Publication Detail

Toward Alternative Transportation Fuels

UCD-ITS-RP-90-16

Journal Article

Suggested Citation:
Sperling, Daniel (1990)

Toward Alternative Transportation Fuels

. Issues in Science and Technology 7 (1), 30 - 33

The United States is destined to make a transition to non-petroleum transportation fuels. The question is no longer whether the transition will occur, but when and to which substitutes. In mid-1989, President Bush brought the issue to center stage when he made a proposal to mandate the sale of 9.25 million alternative-fuel vehicles between 1995 and 2004 in the nine most polluted cities of the country and to require, beginning in 1994, that all new buses in areas with populations over one million operate on clean fuels.

Though the president's proposal was not adopted, state and local governments in regions with particularly severe air quality problems are already taking action. The California Air Resources Board has adopted dramatically tighter vehicle emission standards, in effect requiring that a large proportion of new autos and light-duty trucks in the state operate on clean-burning alternative fuels by 2000. In the Los Angeles area, the regional air quality district adopted a plan that will require all local vehicles to switch to electricity or other low-emission fuels by 2007. Even Texas, the center of the U.S. oil industry, is gradually switching to alternative fuels for state-owned vehicles.

The most immediate motivation for reducing gasoline use is concern over urban air quality, but a number of other powerful forces are pushing the country toward alternative transportation fuels. The need to curb emissions of greenhouse gases and improve energy security also points to the development of a new energy strategy for transportation. But questions remain about the relative importance of these social goals as well as about the performance of the various alternatives and about how government can smooth the transition.

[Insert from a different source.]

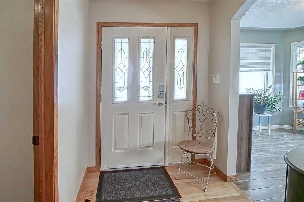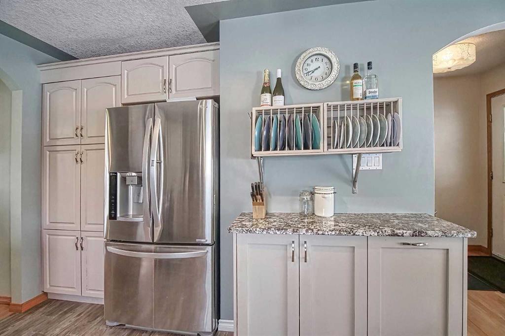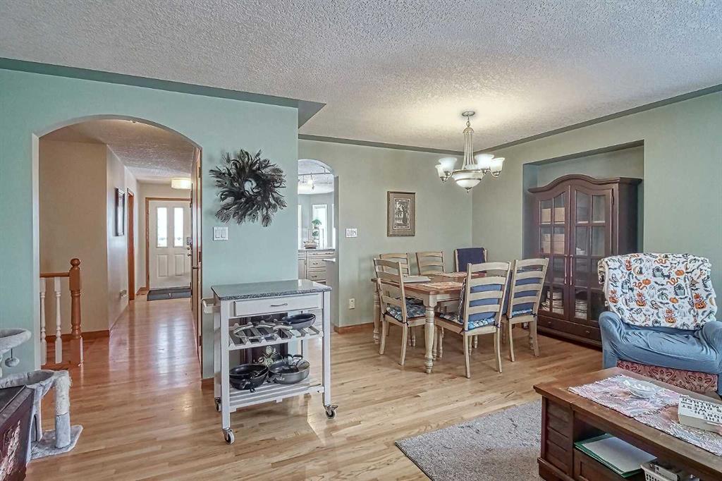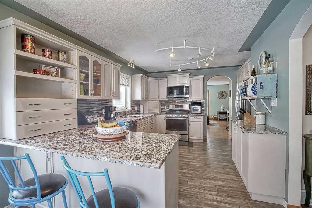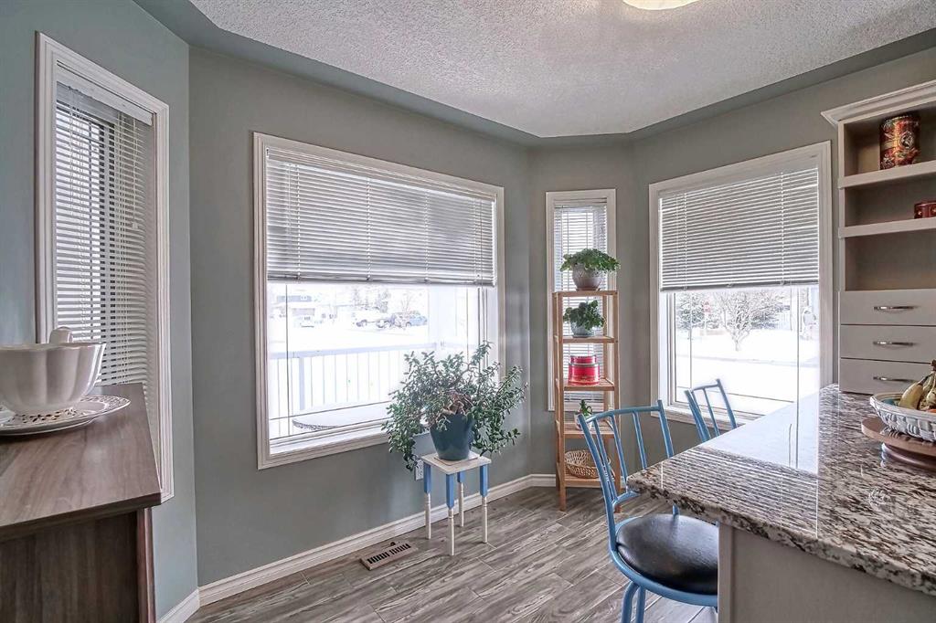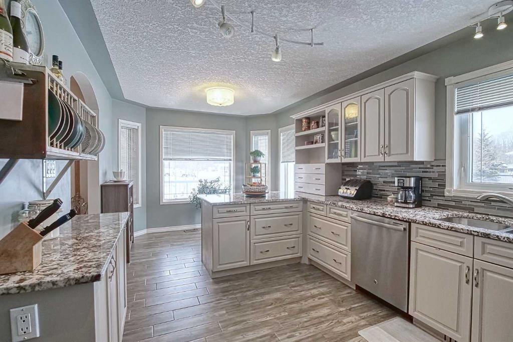 BEAUTIFULLY MAINTAINED BUNGALOW ON A HUGE CORNER LOT IN Crossfield, ideally located near parks and green spaces in a quiet neighbourhood. LOTS OF FRONT PORCH SITTING in this charming 4 bedroom, 3 bath home with a HEATED DOUBLE ATTACHED GARAGE features an updated kitchen with refreshed paint, flooring and lighting, some newer upper cabinetry, GRANITE COUNTERTOPS AND UPGRADED STAINLESS STEEL APPLIANCES INCLUDING A GAS RANGE, plus a two-seat breakfast bar and bright bay window nook for casual dining. The adjoi...

The lack of a clear consensus on social priorities makes it hard to compare the benefits of different fuels, each of which may address one problem, such as the release of greenhouse gases, but do nothing about another, such as dependence on foreign sources. At the same time, the likelihood of technological change makes it difficult to project and compare the costs of different fuels and vehicles over the long run. Adding to the confusion, often intentionally, are the lobbying and public relations efforts of vested-interest groups, which often spread misinformation and half-truths. Given the complexity of the situation, government regulation aimed at promoting any one alternative is premature at best, and economically disastrous at worst.

A good deal of the pressure to settle on a single alternative comes from fuel suppliers and automobile manufacturers, whose central concern is the lack of coordination between them, with the accompanying risk of major investment blunders. Managers in these industries want to make sure that there will be fuel available for the vehicles they produce, and vice versa.